### What this task involves
What is needed is an exact copy of the lines from the one containing "Příze Rainbow s" through the last line of the records, with no pictures.
*** Record extracts ***
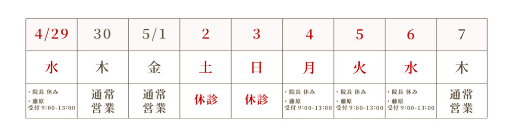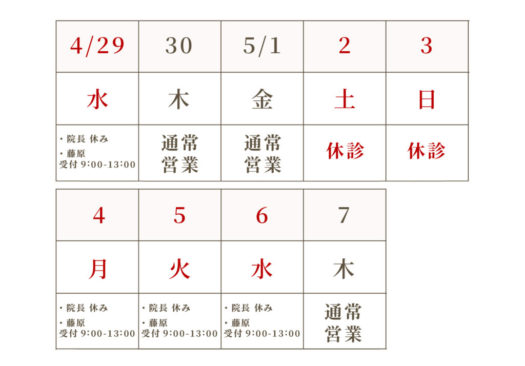 ゴールデンウィーク期間中は、通常とは異なる施術体制となっております。
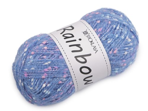 Příze Rainbow s vysokým podílem mohéru a vlny vás v chladném období zahřeje. Efektně na ní vypadají drobné barevné bambulky z žinylky. Přízi využijete na pletení či háčkování svetrů, šálů, ponožek nebo čepic. Velikost jehlic: 5 - 6 Velikost háčku: 5 - 6 Pokud přízi budete párat, je nutné postupovat velice opatrně, aby se nepoškodila. Před pletením / háčkováním doporučujeme udělat zkušební vzorek.
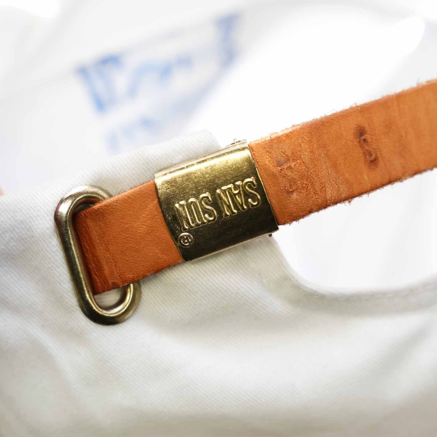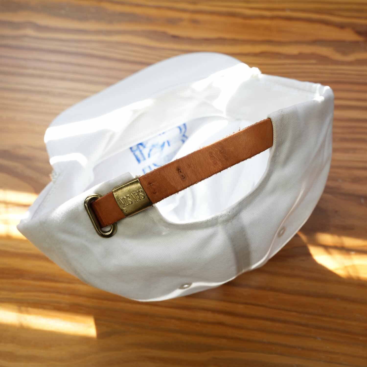 フロントパネルは程よくハリのある素材感で、型崩れしにくく、ブリム上部にはロープ(コード)デザインを採用。バックにはレザーストラップ仕様で、「SAN SUN」刻印入りの金属パーツが使われており、シンプルな中にも当時らしいディテールがしっかり残っています。
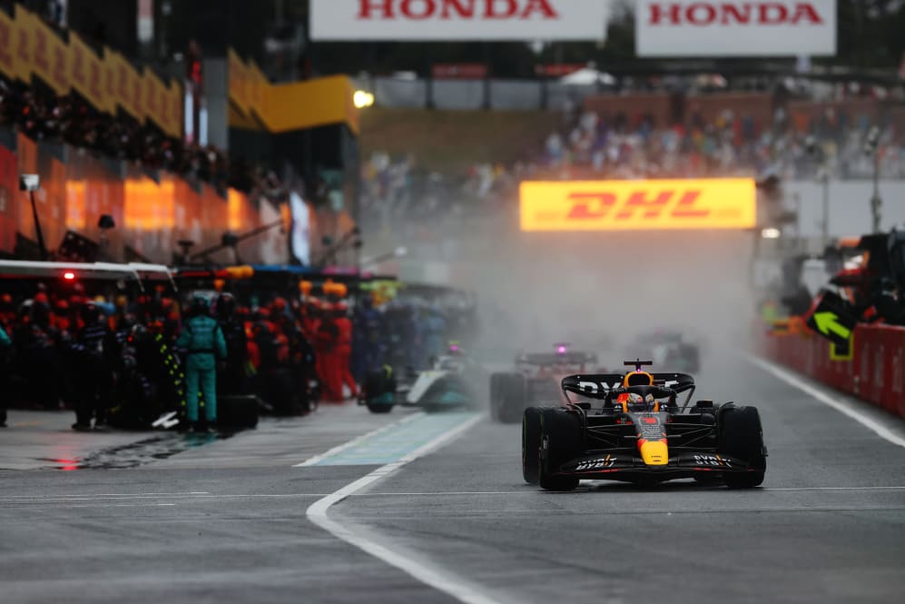 The race originally got under way as planned at 1400 local time, with Verstappen defending from Leclerc after a close run to Turn 1, and only two laps being completed before the action was red-flagged amid intense spray and a series of incidents – which included Carlos Sainz crashing out.
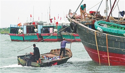 10月18日,在儋州市白马井中心渔港,渔民在做防风工作。
***
### Response area
 Příze Rainbow s vysokým podílem mohéru a vlny vás v chladném období zahřeje. Efektně na ní vypadají drobné barevné bambulky z žinylky. Přízi využijete na pletení či háčkování svetrů, šálů, ponožek nebo čepic. Velikost jehlic: 5 - 6 Velikost háčku: 5 - 6 Pokud přízi budete párat, je nutné postupovat velice opatrně, aby se nepoškodila. Před pletením / háčkováním doporučujeme udělat zkušební vzorek.
 フロントパネルは程よくハリのある素材感で、型崩れしにくく、ブリム上部にはロープ(コード)デザインを採用。バックにはレザーストラップ仕様で、「SAN SUN」刻印入りの金属パーツが使われており、シンプルな中にも当時らしいディテールがしっかり残っています。
 The race originally got under way as planned at 1400 local time, with Verstappen defending from Leclerc after a close run to Turn 1, and only two laps being completed before the action was red-flagged amid intense spray and a series of incidents – which included Carlos Sainz crashing out.
 10月18日,在儋州市白马井中心渔港,渔民在做防风工作。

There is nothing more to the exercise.